Publishing Body/Publisher

  • Is the type of material appropriate? Professional sources from the Web include professional home pages or online professional journals. Non-professional sources include personal home pages or online general audience magazines.
  • Is the site sponsored by a respected organization?
  • Does the site include an official insignia of the organization sponsoring it?
  • Are you able to contact the webmaster or sponsoring organization from within the site?


  • Can you identify the date created as well as date(s) revised?
  • Does the site include information on how often the site is updated?
  • Is a copyright date listed?
  • Is there evidence of what Martin Irvine calls ‘linkrot’? Linkrotted sites include links that no longer exist or have simply moved; this implies poor upkeep of the site.


  • Can you identify the goals of the site?
  • Are these goals clearly stated?
  • Does the focus of the text relate to the graphics in the site?
  • Is the perspective appropriate?
  • Are all sides of the issue fairly presented?

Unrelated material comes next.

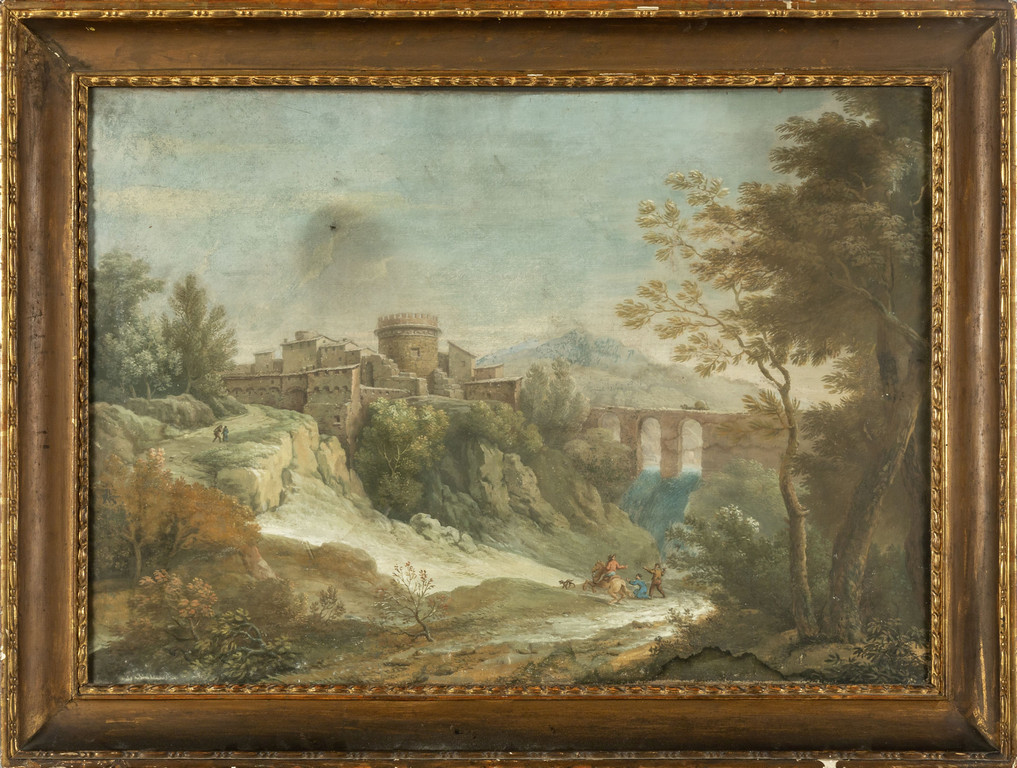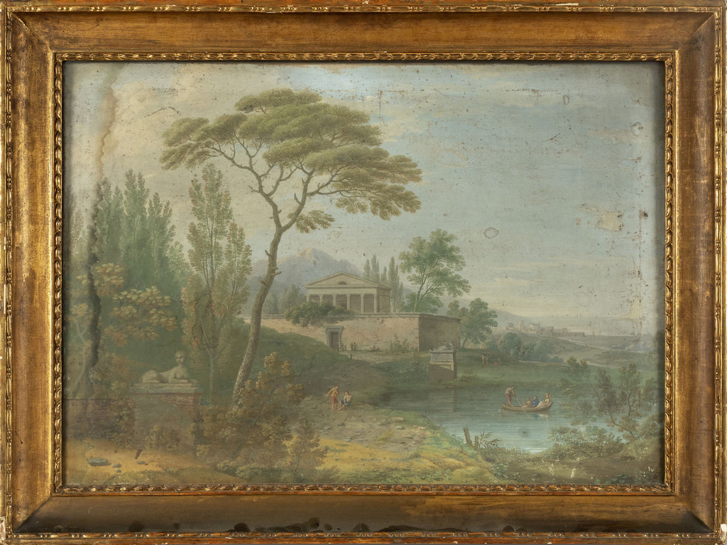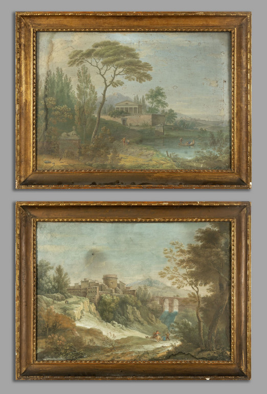 Scuola veneta fine sec.XIX 'Paesaggi con fiume e architetture animati da personaggi' coppia di tempere

  • Is there an in-depth understanding of the related issues that shows the author's familiarity with the subject?
  • Does the site include internal links that provide quick reference to the main sections of the document? Internal links show the author has given attention to the potential needs and questions a reader might have.
  • Does the site acknowledge other sources within the text itself? Are there also links to these sources if they exist online?
  • Are links provided to the sources that are available online?
  • Are the appropriate theories, schools of thought, or techniques used in the discussion of the material standard in the field?
  • If the material is based on a new theory, is coverage of the new approach detailed? Does the site cover the advantages and disadvantages of the method compared to other current methods in the field?

Accuracy or verifiability

  • Is the material comparable to related sources? The home page of an authority in the field will provide a good base of sources to use as a comparison for other sources.
  • Is the methodology given so that the author's work can be replicated or evaluated?
  • Does the source include a bibliography and/or citations that can be used for comparing or verifying data and other information?
  • Are there links from the citations or the bibliography to the original documents?
  • Is the information in the text poorly presented compared to the graphics?
  • Do many mechanical errors (e.g., grammatical errors, typos, etc.) appear in the text? Errors suggest the author might be careless in presenting information.
  • Did you discover the site via a search engine? If so, how does the search engine you used look for information and, if relevant, rate the sites it retrieves?